Mackenroth, L., Fischer-Zirnsak, B., Egerer, J., Hecht, J., Kallinich, T., Stenzel, W., et al. (2016). An overlapping phenotype of Osteogenesis imperfecta and Ehlers-Danlos syndrome due to a heterozygous mutation in COL1A1 and biallelic missense variants in TNXB identified by whole exome sequencing. American Journal of Medical Genetics Part A, 170A(4), 1080-1085. doi:10.1002/ajmg.a.37547.

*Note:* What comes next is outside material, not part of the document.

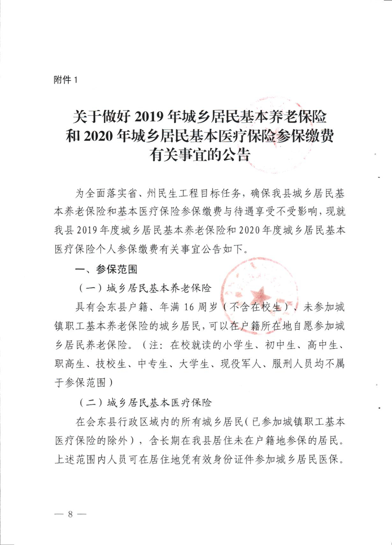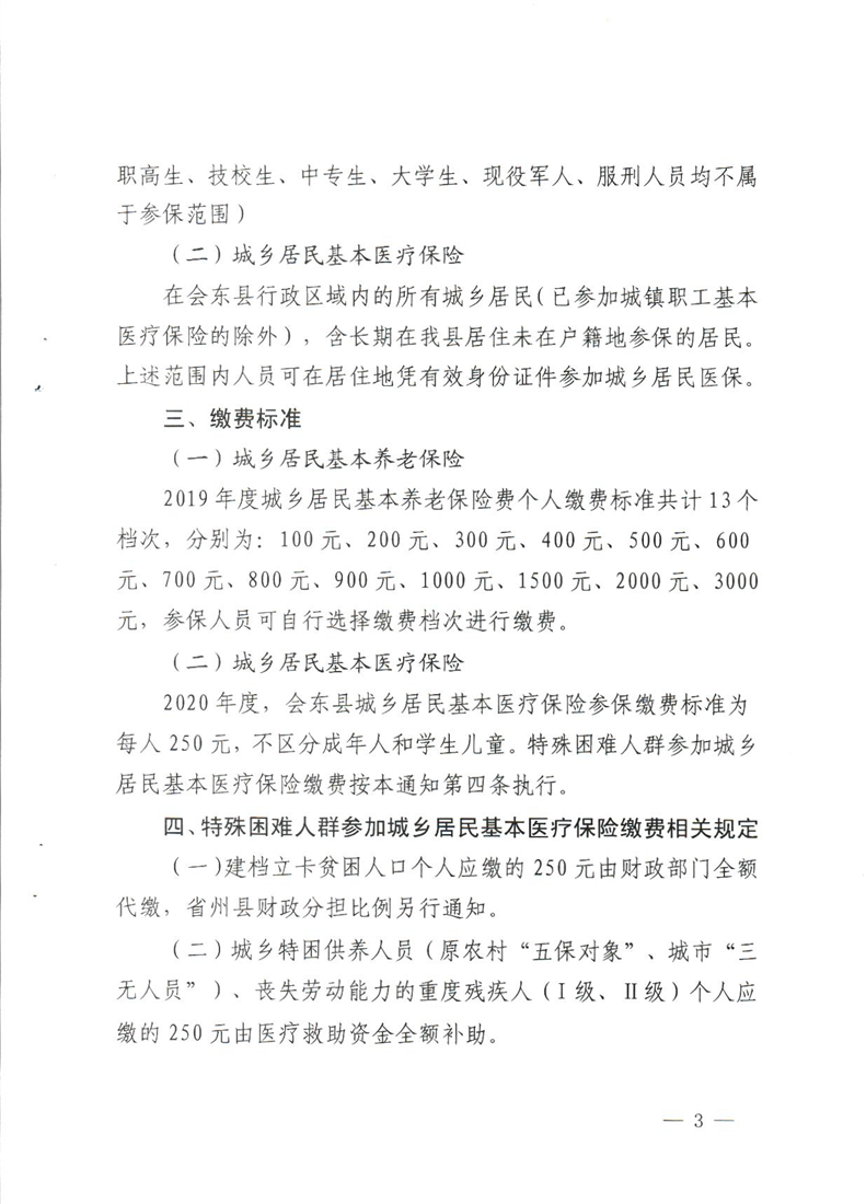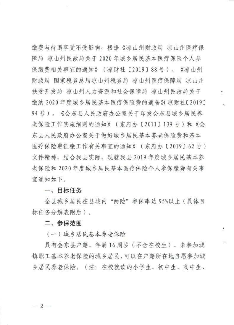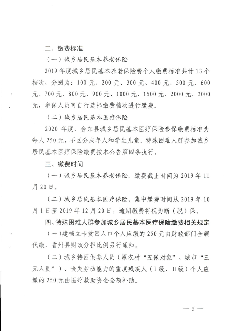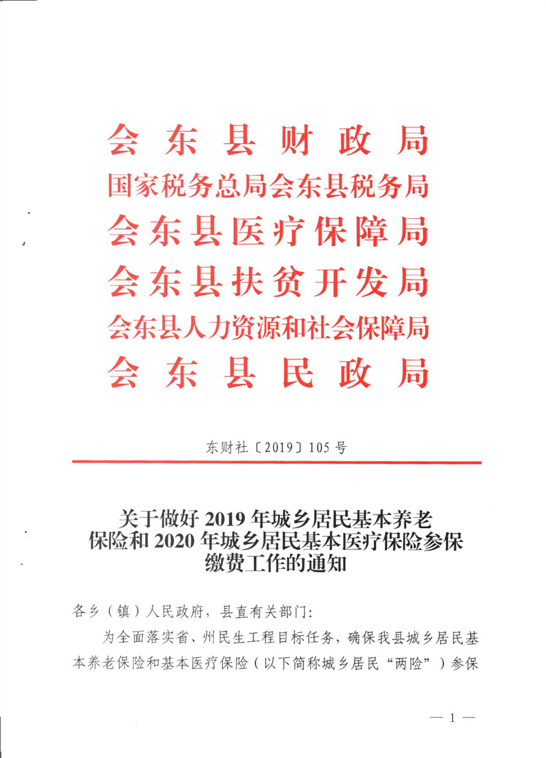 会东县财政局关于做好2019年城乡居民基本养老保险和2020年城乡居民基本医疗保险参保缴费工作的通知
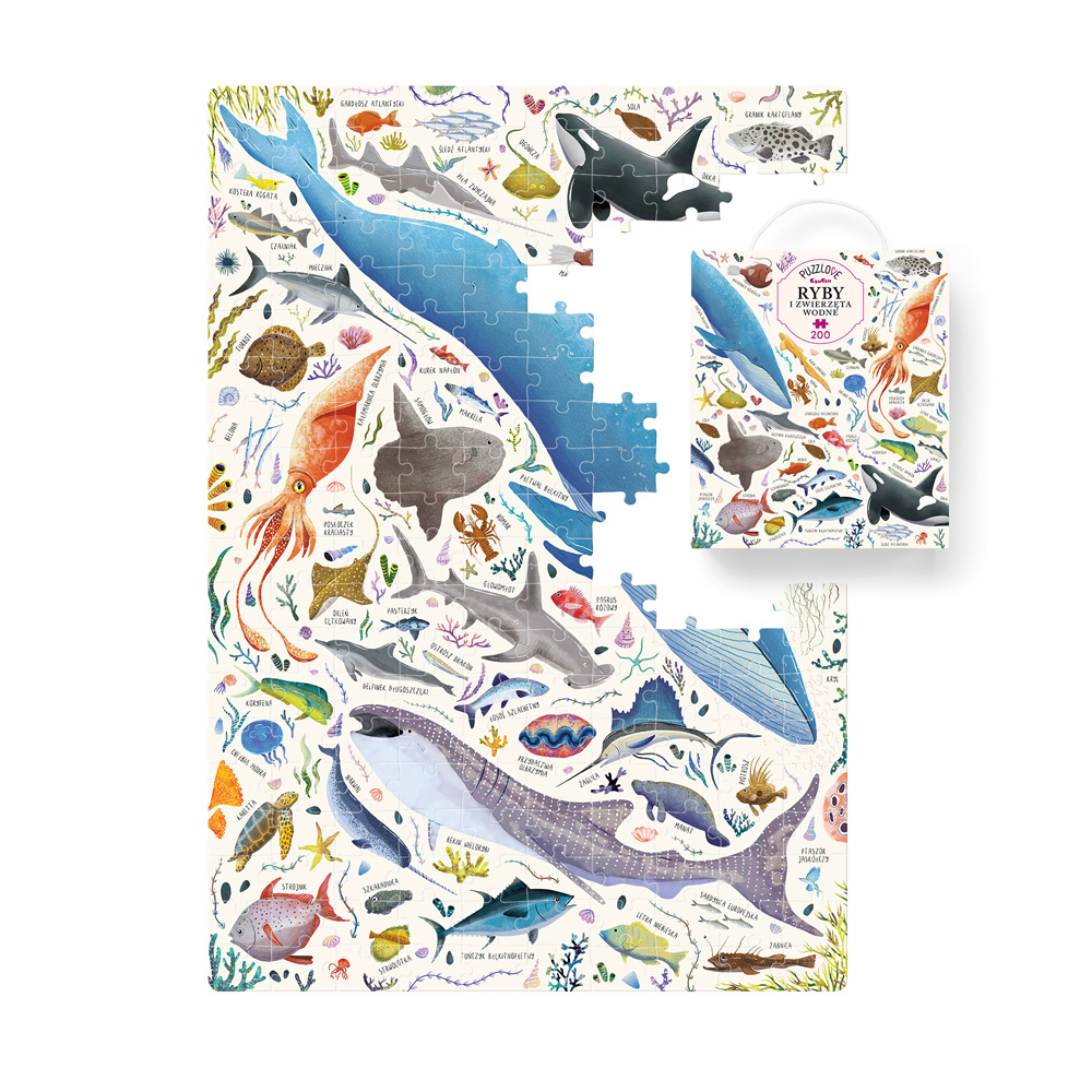 Kto mieszka w morskich głębinach? Zanurzyliśmy się w oceanie wyobraźni i morskiej wiedzy i wyłoniliśmy ułamek fascynujących stworzeń. Połączyliśmy piękne ilustracje, pasjonującą tematykę, dodaliśmy wielką radość układania. Efektem są wspaniałe, 200-elementowe puzzle. To świetny pomysł na prezent, puzzle dla starszaków i dorosłych i wspólne układanie.

Zitierlink: http://hdl.handle.net/11858/00-001M-0000-002E-1C8C-C
Zusammenfassung
Osteogenesis imperfecta (OI) and Ehlers-Danlos syndrome (EDS) are variable genetic disorders that overlap in different ways [Cole 1993; Grahame 1999]. Here, we describe a boy presenting with severe muscular hypotonia, multiple fractures, and joint hyperflexibility, features that are compatible with mild OI and hypermobility type EDS, respectively. By whole exome sequencing, we identified both a COL1A1 mutation (c.4006-1G > A) inherited from the patient's mildly affected mother and biallelic missense variants in TNXB (p.Val1213Ile, p.Gly2592Ser). Analysis of cDNA showed that the COL1A1 splice site mutation led to intron retention causing a frameshift (p.Phe1336Valfs*72). Type 1 collagen secretion by the patient's skin fibroblasts was reduced. Immunostaining of a muscle biopsy obtained from the patient revealed a clear reduction of tenascin-X in the extracellular matrix compared to a healthy control. These findings imply that the combination of the COL1A1 mutation with the TNXB variants might cause the patient's unique phenotype.